Not a dig, poke or willy waving but a genuine question.
In response, Stu, this WRT was my first bikepacking trip, and I did say beforehand that TLS could only happen properly with real experience, so I knew I was overweight
TLS this time has identified batteries as one of the biggest dead weights — I had no idea how many batteries I would need for the Garmin, because on my road bike I run it from dynamo, so I took spares. Also, I took a heavy Cree front light plus spare battery to guide me through the night — I'm not going to bother with that again! I could've left nearly 1kg of metalled deadweight at home, had I known, minus the weight of a half-usable front light.
There were lots of bits and bobs in the bits-n-bobs bag on the back of the bike, which seemed like a good idea with zero experience, but don't seem so smart now — probably 1kg's worth!
FWIW, my sleep kit's about 2.4kg — bag 700g (synthetic), liner 180g, mat 200g, tarp 700g, Hunka XL 550g, plus dry bag => 2.4kg. Add on 500g of night clothes (jacket, socks, beanie) => 2.9kg, let's call it 3kg. Your 2kg seems optimistic without some serious investment in down and Cuben ...

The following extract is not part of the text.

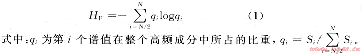 設(shè)Si為信號(hào)由時(shí)域變換到頻域所對(duì)應(yīng)的功率譜,那么S={S1,S2,…,SN)可看作是對(duì)原始信號(hào)的一種劃分,選定{SN/2,SN/2+1,…,SN)作為高頻成分,根據(jù)文獻(xiàn)[5]對(duì)信息熵的解釋,定義高頻譜熵HF為: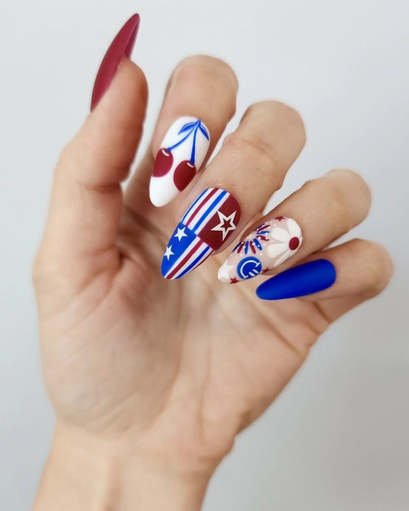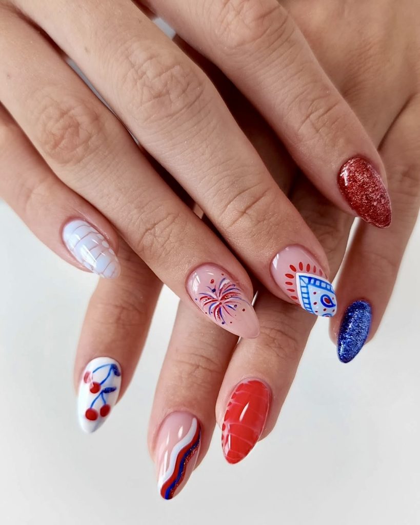 Long almond-shaped nails look playful with cherries, fireworks, and the patriotic stripes in this 4th of July French-inspired set. The design exhibited here is very astonishing and fanciful; however, it has not lost its ambiance to the occasion. If you are looking for a choice that is a little unconventional yet still commendable in the festive zone, this one is amazing. This is a definite reference to acrylic nail trends and seems to be very youthfully energetic and vibrant. A vintage graphic tee and high-waisted jeans are more than enough to make you look good for an Instagram-worthy picnic on the 4th of July.

I took a Jetboil with me, which was about 700g with a full gas canister. I'm putting together a burner-inna-cup system, which will be about 200g — awaiting delivery — to save half a kilo.
I took waaaay too many clothing options of heavyweight long-sleeve, short-sleeve, gloves, many pairs of socks, thermals, etc. Next time it will be a lightweight long-sleeve, normal long-fingered gloves and cold/wet long-fingered gloves, plus a snood. The windproof and waterproof go with me everywhere from years of road experience. Clothes were probably around 3-4kg, but I'll be paring that back to less than 1kg, to give me options.

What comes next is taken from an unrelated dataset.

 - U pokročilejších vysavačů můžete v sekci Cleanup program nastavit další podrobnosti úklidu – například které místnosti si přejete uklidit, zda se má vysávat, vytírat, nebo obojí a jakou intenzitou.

Tools and spares — I almost always carry nearly 1kg of stuff with which to keep the bike rolling, because I don't get enough weekends away to risk foreshortening one through bad luck. I've almost halved that by dropping the chain splitter (I've never yet broken a chain, and it was new on for last weekend) and one of two inner tubes (I used to be able to get lightweight latex tubes, but I can't seem to source them in 26-inch any longer, and the rubber stuff's twice the weight).
Food, for me, was around 1.5kg, and those dry-food sachets were a bugger to pack.

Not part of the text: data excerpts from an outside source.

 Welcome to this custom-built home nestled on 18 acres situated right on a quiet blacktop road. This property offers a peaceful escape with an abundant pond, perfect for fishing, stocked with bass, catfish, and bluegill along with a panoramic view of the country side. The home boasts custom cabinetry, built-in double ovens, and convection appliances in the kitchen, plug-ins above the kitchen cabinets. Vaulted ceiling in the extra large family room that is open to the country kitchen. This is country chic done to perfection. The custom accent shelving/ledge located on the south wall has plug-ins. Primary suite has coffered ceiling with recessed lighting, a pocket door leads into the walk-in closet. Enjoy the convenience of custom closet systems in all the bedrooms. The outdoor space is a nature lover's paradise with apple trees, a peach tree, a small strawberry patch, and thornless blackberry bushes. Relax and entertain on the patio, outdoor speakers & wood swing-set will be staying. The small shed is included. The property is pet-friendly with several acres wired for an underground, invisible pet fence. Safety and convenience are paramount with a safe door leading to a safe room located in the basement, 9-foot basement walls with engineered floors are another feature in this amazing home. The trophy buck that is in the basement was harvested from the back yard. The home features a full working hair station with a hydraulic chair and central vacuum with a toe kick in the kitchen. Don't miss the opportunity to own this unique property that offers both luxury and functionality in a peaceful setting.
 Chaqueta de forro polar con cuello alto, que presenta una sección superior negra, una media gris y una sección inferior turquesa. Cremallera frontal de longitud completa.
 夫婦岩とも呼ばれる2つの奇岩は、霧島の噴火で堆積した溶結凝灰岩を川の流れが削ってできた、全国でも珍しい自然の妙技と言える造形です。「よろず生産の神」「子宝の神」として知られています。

Water — my all-up weight includes 2-3L of water, because I'm a thirsty bugger (and fat-burn is a water-intensive process, although I'm probably over-stating my ability to burn fat — in fact I just sweat loads). And the Camelbak itself is pretty heavy, as it's one of their rucksacks, rather than just a hydration pack.
Whisky — I managed to carry half a bottle of whisky, because my half-bottle Nalgene container weighs so much less than my solid third-of-a-bottle hip flask that they would've weighed the same anyway. 400g.
Clearly, the thing that tipped the balance was the two titanium shot "glasses" I also took — totally unnecessary frippery, but I thought a nice touch to share a dram with whomever I happened to be bivvied with — MarkW on this trip — as the storm was brewing around us (kinda)
Yeah, it all adds up. Some of the weight is due to equipment-to-hand, but the most due to not knowing what to leave behind. Given your estimates of your own kit weight, that's a useful target to aim for, but it might take a few trips before I'm close.